## Inspiration Growing up in Nigeria, I’ve seen firsthand how limited access to essential services—especially healthcare, education, and agriculture—can trap entire communities in cycles of hardship. In many rural areas, a mother guesses her child’s illness without a doctor, a farmer watches crops die without knowing the cause, and students lack the tools to learn. These stories aren’t distant—they are my reality. They inspired me to build something that could work without internet, without power, and still change lives. DiagAI was born out of survival, necessity, and the deep belief that every African life deserves smart, accessible solutions.

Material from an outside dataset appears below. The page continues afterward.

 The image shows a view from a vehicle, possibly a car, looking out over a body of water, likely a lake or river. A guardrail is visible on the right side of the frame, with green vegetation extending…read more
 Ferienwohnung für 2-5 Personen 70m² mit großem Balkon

##What It Does DiagAI is an AI-powered offline assistant that delivers essential services in areas with little or no connectivity. It: Helps farmers diagnose crop diseases using a camera and ML models. Assists individuals in basic health triage through offline voice interaction. Offers localized educational content in English and Hausa. Collects data and syncs it to the cloud only when internet becomes available. Works on low-cost Raspberry Pi hardware powered by solar energy. It’s not just software—it’s a lifeline in offline environments.

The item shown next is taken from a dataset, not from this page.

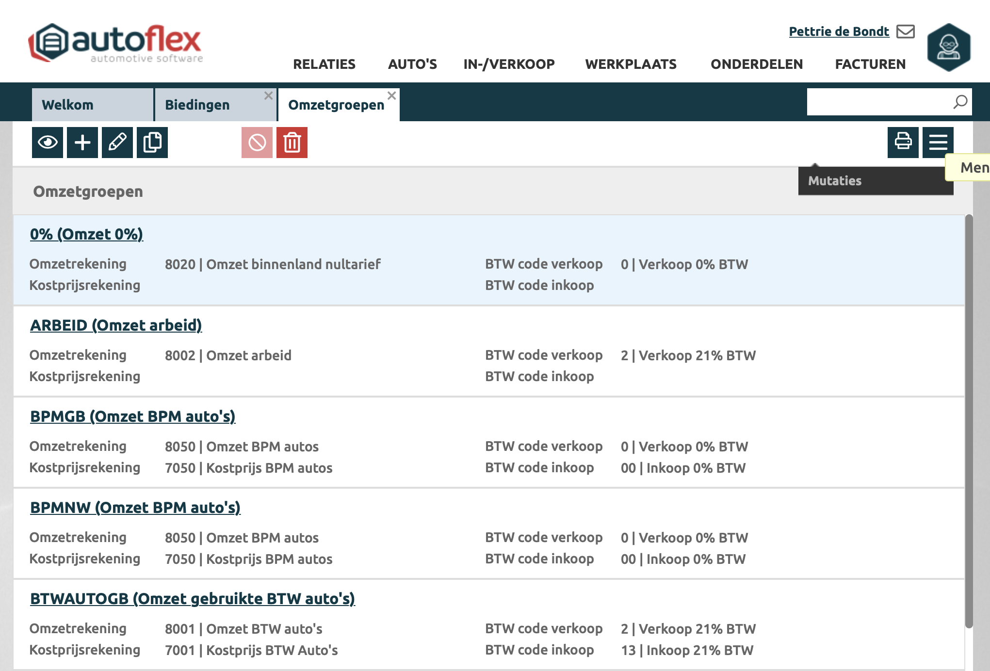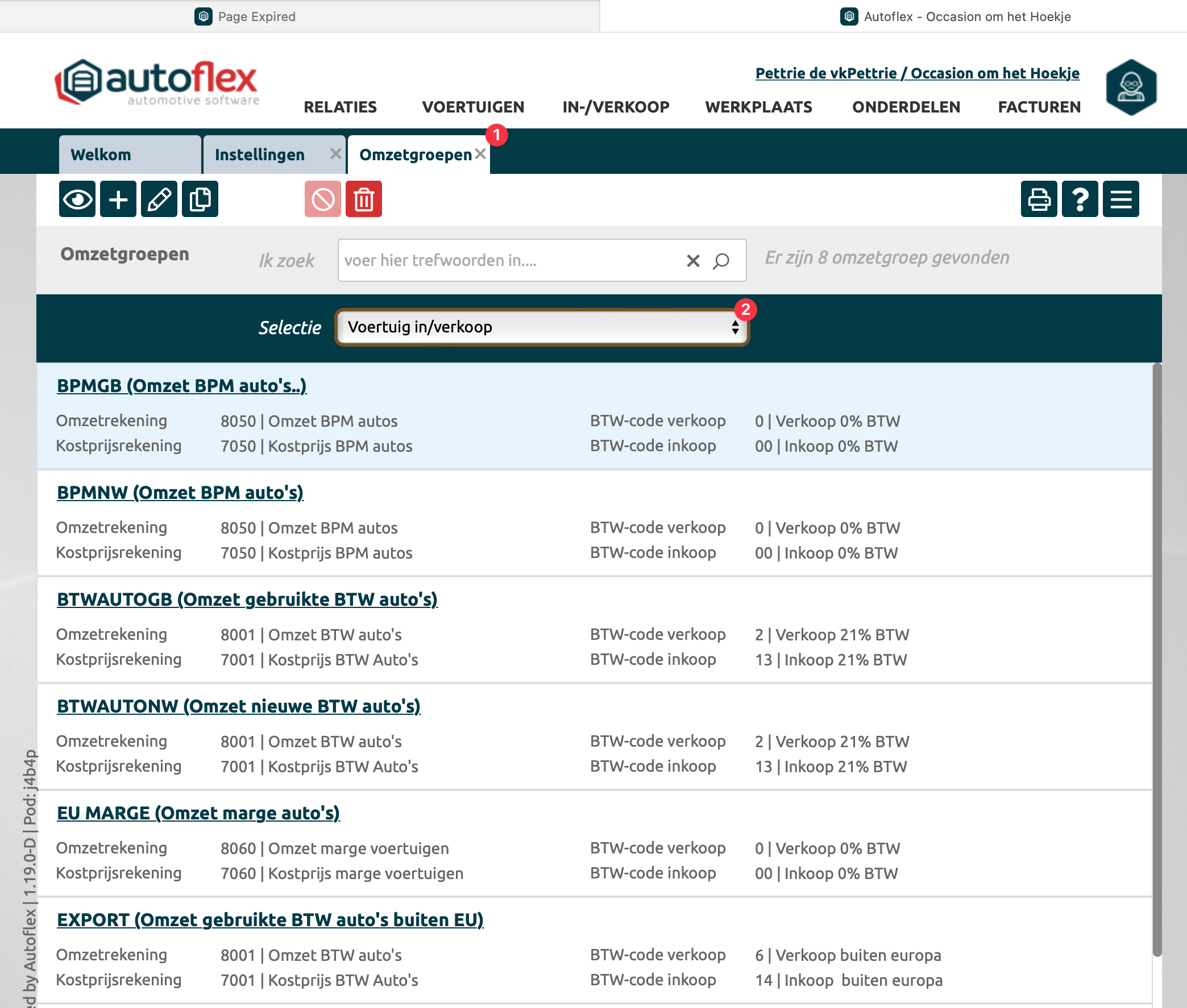 De omzetgroepen voor de verwerking van de financiën binnen Autoflex

##How We Built It We built DiagAI with three core principles: lightweight, low-power, and language-accessible. Used TensorFlow Lite, YOLOv5 Nano, and Vosk for embedded AI on Raspberry Pi. Created a voice-driven assistant that understands Hausa and English, designed for non-literate users. Built IoT modules with environmental sensors for farming insights. Designed a modular edge system with solar-powered Pi boards that run 16–18 hours on a single charge. Integrated offline-first architecture using SQLite and data caching. Everything was built from scratch, optimized to function in real-world Nigerian conditions.

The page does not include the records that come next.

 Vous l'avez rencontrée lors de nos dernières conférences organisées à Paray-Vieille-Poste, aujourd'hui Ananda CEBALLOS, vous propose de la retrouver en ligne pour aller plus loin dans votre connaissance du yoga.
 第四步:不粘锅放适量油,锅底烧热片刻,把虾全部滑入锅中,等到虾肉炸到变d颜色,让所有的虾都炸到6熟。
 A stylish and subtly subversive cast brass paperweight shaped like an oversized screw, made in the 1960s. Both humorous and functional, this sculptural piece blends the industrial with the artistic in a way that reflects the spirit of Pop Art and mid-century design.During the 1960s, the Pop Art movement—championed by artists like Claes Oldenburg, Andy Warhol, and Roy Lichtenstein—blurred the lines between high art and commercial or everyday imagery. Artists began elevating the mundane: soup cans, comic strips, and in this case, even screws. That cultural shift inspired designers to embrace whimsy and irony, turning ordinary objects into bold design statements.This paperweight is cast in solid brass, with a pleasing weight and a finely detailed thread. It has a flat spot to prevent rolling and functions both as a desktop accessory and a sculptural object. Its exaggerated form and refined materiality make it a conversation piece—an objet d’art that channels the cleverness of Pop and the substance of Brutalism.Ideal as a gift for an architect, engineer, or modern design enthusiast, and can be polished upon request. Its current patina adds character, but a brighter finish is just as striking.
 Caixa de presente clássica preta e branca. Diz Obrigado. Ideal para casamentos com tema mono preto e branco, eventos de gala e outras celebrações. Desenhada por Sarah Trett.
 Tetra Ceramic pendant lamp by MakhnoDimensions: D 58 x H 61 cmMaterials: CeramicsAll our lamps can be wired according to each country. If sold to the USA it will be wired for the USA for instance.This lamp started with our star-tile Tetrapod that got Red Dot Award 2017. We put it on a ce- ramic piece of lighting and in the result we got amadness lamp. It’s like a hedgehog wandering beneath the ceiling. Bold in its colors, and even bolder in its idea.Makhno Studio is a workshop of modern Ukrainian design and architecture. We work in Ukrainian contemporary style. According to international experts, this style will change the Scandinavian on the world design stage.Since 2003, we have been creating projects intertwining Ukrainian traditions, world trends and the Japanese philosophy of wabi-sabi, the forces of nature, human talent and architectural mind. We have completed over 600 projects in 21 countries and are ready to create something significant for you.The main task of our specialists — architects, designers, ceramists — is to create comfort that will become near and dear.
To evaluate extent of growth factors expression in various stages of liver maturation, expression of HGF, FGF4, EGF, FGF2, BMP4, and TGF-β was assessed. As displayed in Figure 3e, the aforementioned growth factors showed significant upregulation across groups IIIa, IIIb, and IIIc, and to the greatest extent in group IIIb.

##Challenges We Ran Into Hardware Access: Procuring Raspberry Pis and sensors in Nigeria was both expensive and slow. Energy Constraints: Frequent power outages forced reliance on solar power—so we reengineered our hardware for ultra-efficiency. Voice Recognition: Training an AI to understand local dialects wasn’t easy. We worked with real people, recorded voices, and iterated. Mental Fatigue: As an individual dealing with health issues, there were days progress stalled—but quitting was never an option. Connectivity: Pushing updates and libraries with minimal internet was a nightmare. I had to batch downloads using mobile data.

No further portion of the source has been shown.